Currently only the s2i build is supported if you need to run setup.py. When building with s2i, the setup.py file will be executed automatically after the dependencies have been installed.

Before we get started, configure the container registry to push the image to the container registry. You can use the following command to configure the container registry:

  1. export FUNC_REGISTRY=<your-container-registry>

In this case, we will use the s2i build by adding the flag -b=s2i, and -v to see the verbose output.

  1. func build -b=s2i -v

When the build is complete, you will see the following output:

  1. 🙌 Function built: <Your container registry username>/sentiment-analysis-app:latest

This command will build the function and push the image to the container registry. After the build is complete, you can run the function using the following command:


Troubleshooting

❗Error: '/home/Kuack/Documents/knative/docs/code-samples' does not contain an initialized function

Solution: You may want to check whether you are in the correct directory. You can use the following command to check the current directory.
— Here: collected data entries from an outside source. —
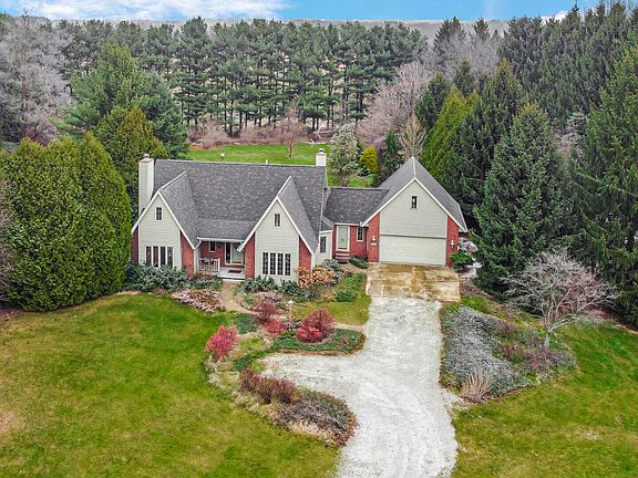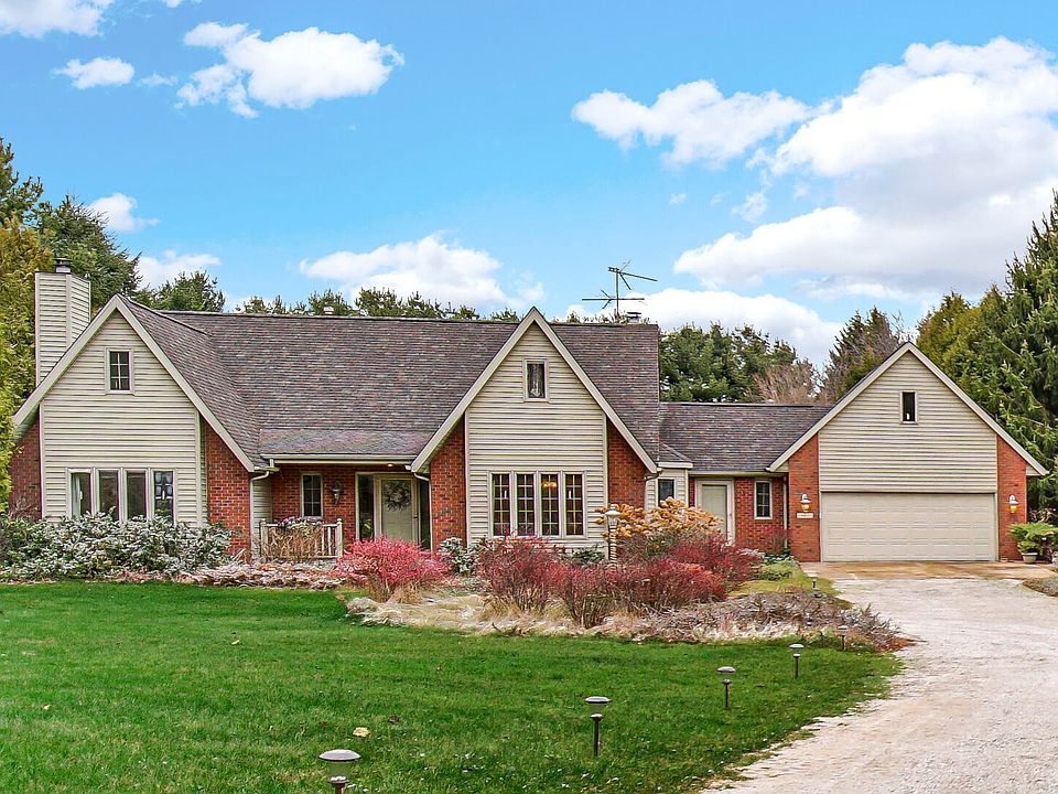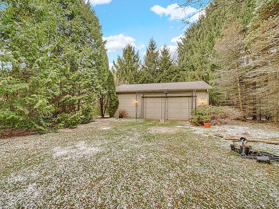 Situated on nearly 3 acres of tree-lined privacy, this 3-bedroom home offers space, comfort, and versatility. The main floor features a generously sized bedroom and a large living room and family room with a cozy fireplaces, perfect for gatherings. Enjoy stunning views of the property from the sunroom, ideal for relaxing year-round. Upstairs, you'll find two oversized bedrooms connected by a Jack-and-Jill bathroom, complete with a double vanity, separate tub, and shower. The attached heated garage includes a finished upper-level space with convenient stair access, perfect for additional storage or a creative workspace. A detached 20x36 garage provides even more flexibility for hobbies, storage, or projects. With abundant green space and mature trees, this property offers the peace and privacy you've been looking for. Don't miss this exceptional opportunity! Selling as is and cash, could use some window and door repair/replacement.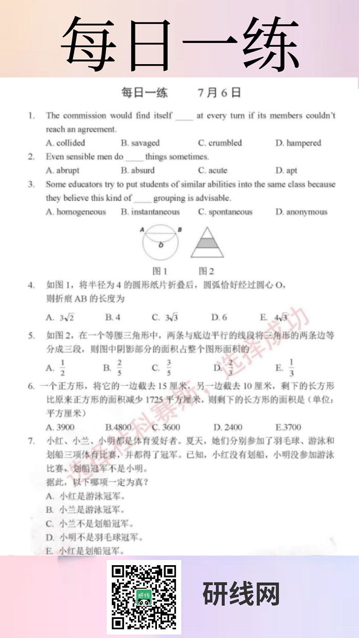為了更好的復習和鞏固已經學過的知識,研線網小編為大家整理出幾道題,作為每日的練習,希望能夠幫助到同學們哦!
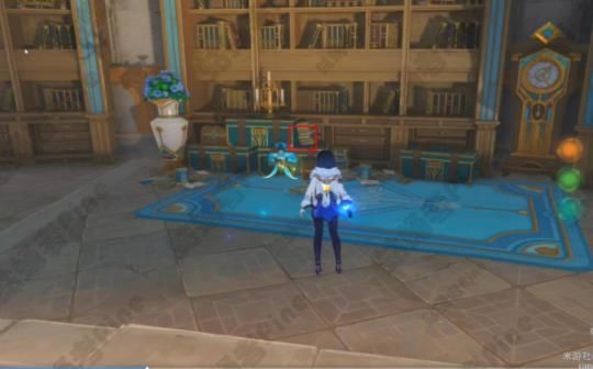 3、从小地图这个位置的漩涡进入,来到上层之后开启大门,在左手边书架上拿到神秘的书页·其六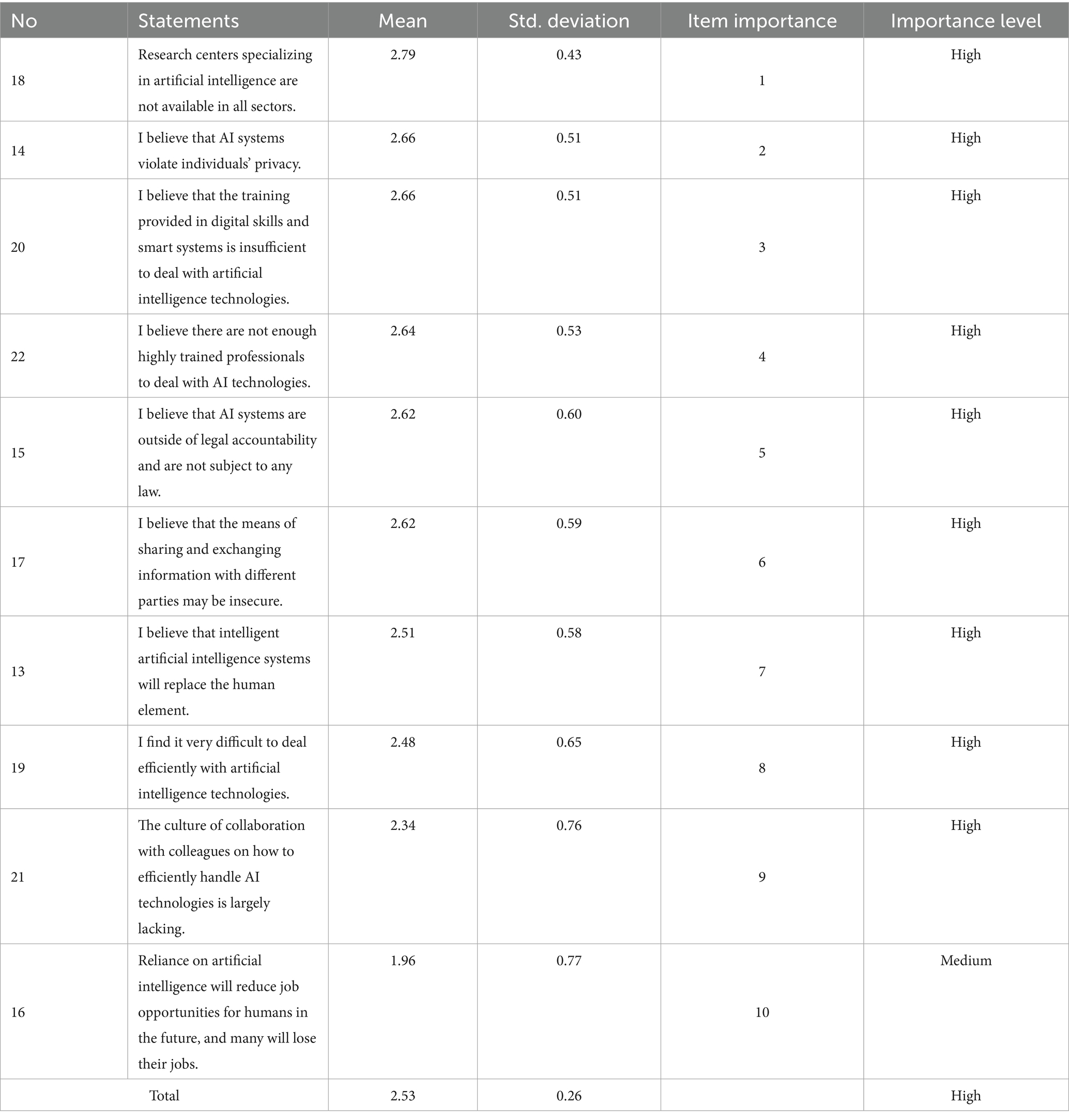 Table 6. Arithmetic mean, SD, item importance and importance level of the challenges facing artificial intelligence in reducing crime.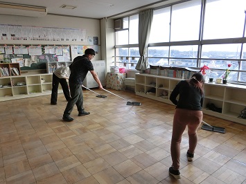 ワックスをかけた後の床は見違えるようにピカピカになりました。これで新年度を気持ちよく迎えられそうです。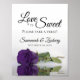 Este hermoso poster o cartel es perfecto para una mesa de huéspedes en la recepción de su boda. Presenta un diseño sencillo pero elegante con letras de guión y una foto de un solo rosa de color púrpura real profundo de tallo largo reflejado en un estanque de agua. El cartel dice: ¡El amor es dulce, por favor tómate un regalo! Hay sitio para sus nombres y la fecha del boda a continuación.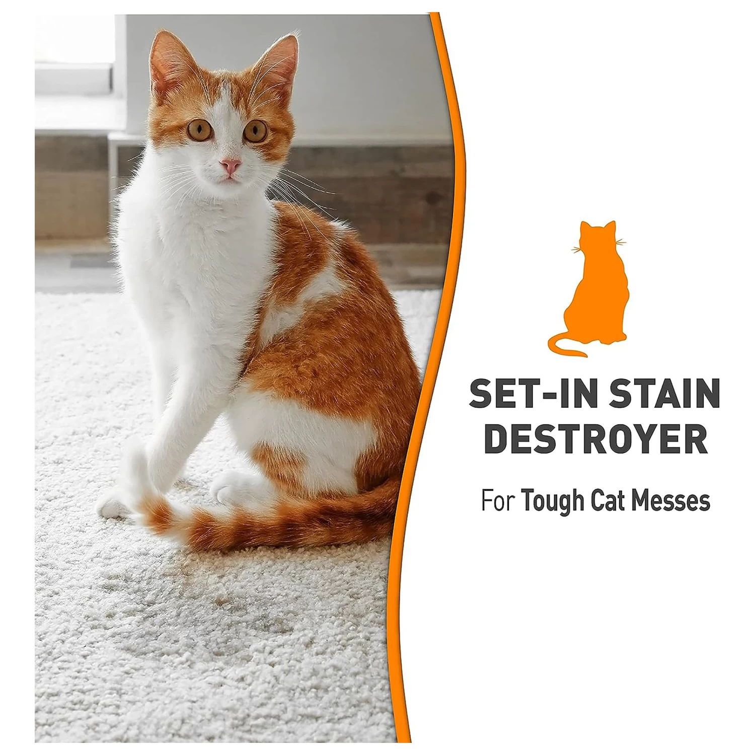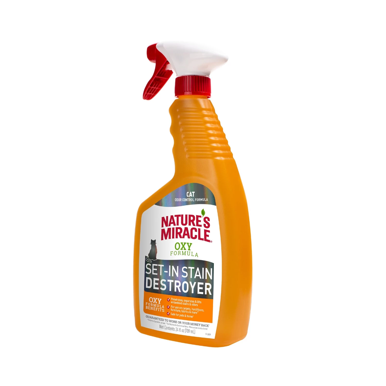 Nature’s Miracle Set-In Stain Destroyer can be used to treat your most stubborn, deep-set cat stains and odors while freshening with a light orange scent. The oxygen concentrate formula penetrates, separates and lifts embedded stains and odors on carpets, hard floors, furniture, fabrics and more.

If you are in the right directory, and the error still occurs, try to check your func.yaml, as it has to contain the field created and the right timestamp to be treated as a valid Knative Function.


  1. func run -b=s2i -v

In the future, you can skip the step of func build, because func run will automatically build the function for you.

You will see the following output if the function is running successfully:

  1. function up-to-date. Force rebuild with --build
  2. Running
  3. on host port 8080
  4. ---> Running application from script (app.sh) ...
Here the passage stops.